The task force report, counters ABC’s Ben Brubeck, “Is of great concern, especially for Americans who expect the government to create and support policies ensuring fair and open competition on taxpayer-funded federal and federally assisted construction projects. The report’s recommendations to expand the use of anti-competitive and costly project labor agreements will increase infrastructure project costs by 12 percent to 20 percent, reduce competition from the best quality public works contractors and exacerbate the construction industry’s skilled labor shortage by discriminating against the members of the construction workforce who choose to be union-free.”
UNION MEMBERSHIP SLIDE
Results of a U.S. Bureau of Labor Statistics survey on union membership and rank & file demographics scale challenges confronting the White House, Labor Department officials, and other organized labor allies. The number of wage and salary workers belonging to unions continued to decline last year (-241,000) to 14.0 million, while workers who were members of unions stood at 10.3 percent, off 0.5 percent from a 2020 union membership rate skewed by large losses in the nonunion worker ranks.
The 2021 union membership rate is nearly half that of 1983 (20.1 percent; 17.7 million rank & file), the first year for which comparable union data are available, BLS researchers find. The data they collected on 2021 union membership are drawn from Current Population Survey, a monthly sampling of about 60,000 eligible households that obtains information on employment and unemployment among the nation’s civilian noninstitutional population age 16 and over. In addition to the union membership rate returning to the 2019 level, just into the double digits, the 2021 survey data indicates:
- Among states, Hawaii and New York continued to have the highest union membership rates (22.4 percent and 22.2 percent, respectively), while South Carolina and North Carolina continued to have the lowest (1.7 percent and 2.6 percent, respectively).
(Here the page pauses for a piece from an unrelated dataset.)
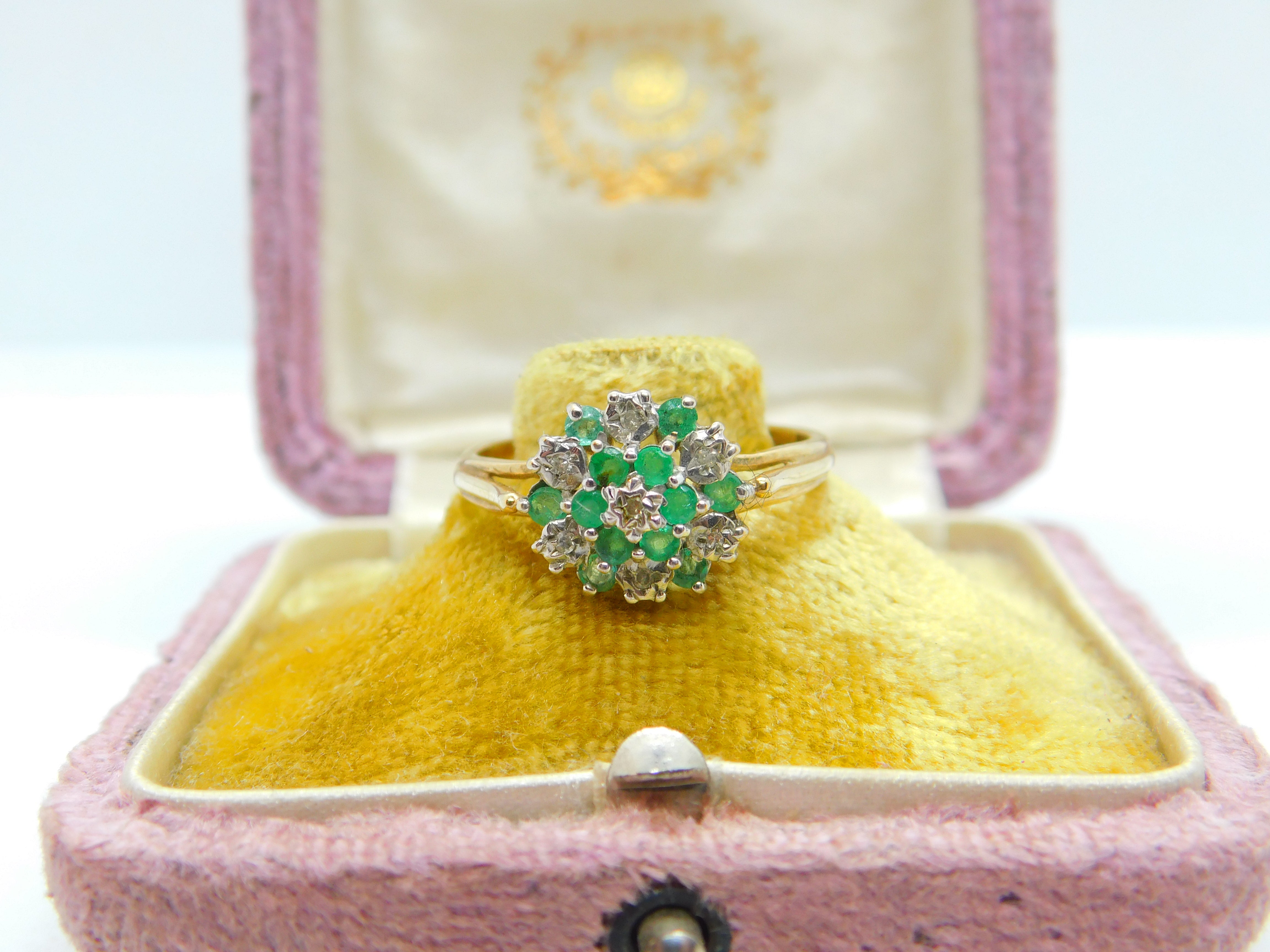 9ct Yellow Gold Emerald & Diamond Floral Cluster Ring Vintage c1980 Size R UK

- In 2021, 30 states and the District of Columbia had union membership rates below that of the U.S. average, 10.3 percent, while 20 states had rates above it. All states in both the East South
- Central and West South Central divisions had union membership rates below the national average, while all states in both the Middle Atlantic and Pacific divisions had rates above it.
- Ten states had union membership rates below 5.0 percent in 2021, led by the Carolinas and Utah (3.5 percent). Hawaii and New York are the only states with union membership rates north of 20 percent; combined, they are home to about 30 percent of the 14 million union members reflected in BLS survey results.